I tried to ignore the dig. “I have plans Saturday anyway.”
“You do? Really?” She couldn’t hide her shock.
“Yeah, I do.” Since I couldn’t tell her I had to bring the snacks to the support group for my fake marijuana addiction, I said, “I’m going out to dinner with Leonard. Male bonding or whatever. He’s pretty much forcing me.”
“That’s nice.” Maggie did a little pouty face at me. Everyone loved Leonard, but Maggie loved him especially because she knew me in the years between when my dad left us and when my mom met Leonard, and let’s just say those weren’t the golden years for what remained of the Dean family. Mom struggled to balance her job at the nonprofit where she worked on global access to water with raising a boy who was often described, lovingly, as a “major handful.” I spent most of my formative afternoons at Maggie’s house baking cookies, having tea parties and letting Maggie give me makeovers until Mom could leave the office. Mom and I ate a lot of microwave dinners back then. We didn’t have a Juana.

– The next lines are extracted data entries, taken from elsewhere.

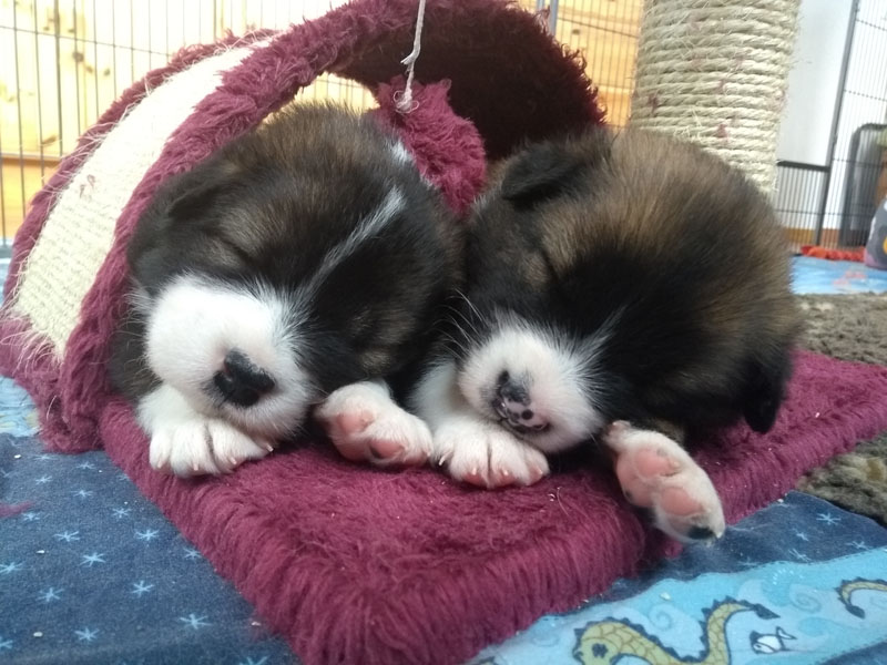 Unser kleines Kleeblatt entwickelt sich prima. Gut versorgt von Mama- Enya nehmen die Kleinen schnell zu und sind schon recht munter und mobil in der Wurfbox.
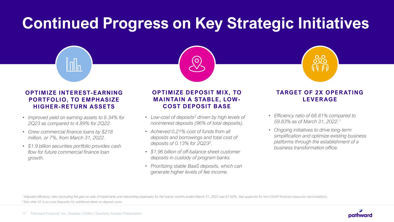 Pathward’s track record of profitability, combined with its commitment to maintaining the size of its balance sheet, enables the return of the majority of earnings through repurchases and dividends. Targeting regulatory capital leverage ratio above 8% and total risk weighted capital ratio above 12%. Paid dividend every quarter dating back to 1994. Executed $54.7 million of share repurchases in 2Q23. Pathward Financial, Inc, (Nasdaq: CASH) | Quarterly Investor Presentation16 Return of Capital to Shareholders HIGHLIGHTS Track Record of Strong Earnings Growth and Right-Sized Balance Sheet Enables Ongoing Return of Capital Capital Returned to Shareholders Note: Repurchased common shares include shares withheld to cover income taxes owed by participants related to share-based incentive plans. $502.4M TOTAL SHARE REPURCHASES 2Q19 TO 2Q23 $27.5M TOTAL DIVIDENDS PAID 2Q19 TO 2Q23
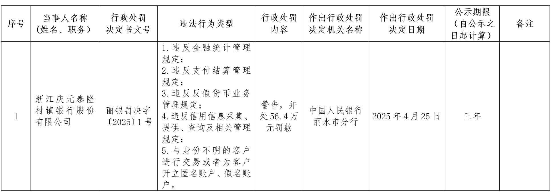 5月7日,中国人民银行丽水市分行行政处罚信息公示表显示,浙江庆元泰隆村镇银行股份有限公司因违反金融统计管理规定,支付结算管理规定,反假货币业务管理规定,信用信息采集、提供、查询及相关管理规定,以及与身份不明的客户进行交易或为客户开立匿名账户、假名账户等五项违法行为,被警告并罚款56.4万元。
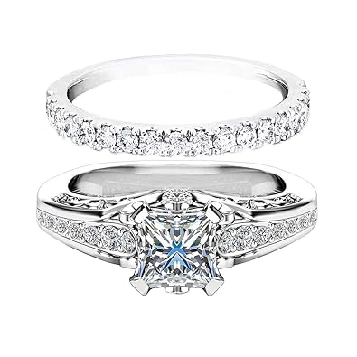 3pc Sterling Silver White Gold Princess Diamond Cut Engagement
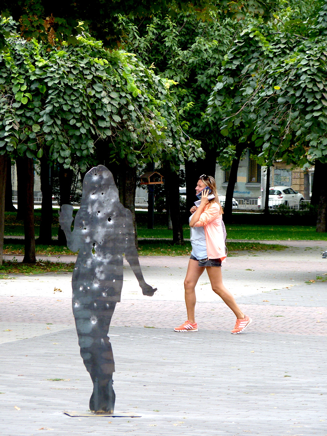 Фігури персонажів, серед яких бабуся, дитина, дівчина, фотограф, музикант-гітарист, діловий чоловік розміщені просто неба, у сквері Героїв та на набережній обласного центру. Вони зображують звичайних людей — мешканців опалених війною українських міст.
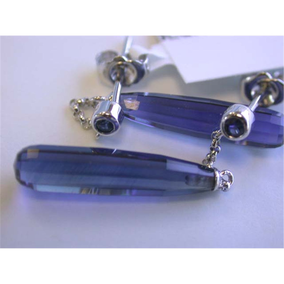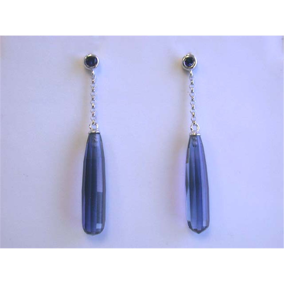 14k White Gold Earrings with Blue Quartz approximately 1.5 inches long and weighs 2.0 grams

“Maybe I’ll see you after,” I said.
“Yeah, maybe.”
—
Everyone knows that nobody walks in LA, there’s even a song about it—so I probably looked like a vagrant as I wandered along Pico Boulevard early Saturday evening weighed down by grocery bags. I’d picked up brownie bites, veggie chips and kettle corn; then right as I got to the front of the checkout line, I thought of Mason, and ran back to grab a plastic tub of fat-free meringues.
I still hadn’t told my family about the breakup; somehow I dreaded telling Natalie the most. Natalie loved Penny because Penny wore dresses and mascara, and Penny tied her hair up in a bun, and she carried this roll-on stick of perfume in her purse that she’d let Natalie try. Mom was your basic grown-up tomboy with a short haircut who never wore anything other than Levi’s and sweatshirts except when she took rich people to lunch to ask for money, and then she’d bust out a black pantsuit.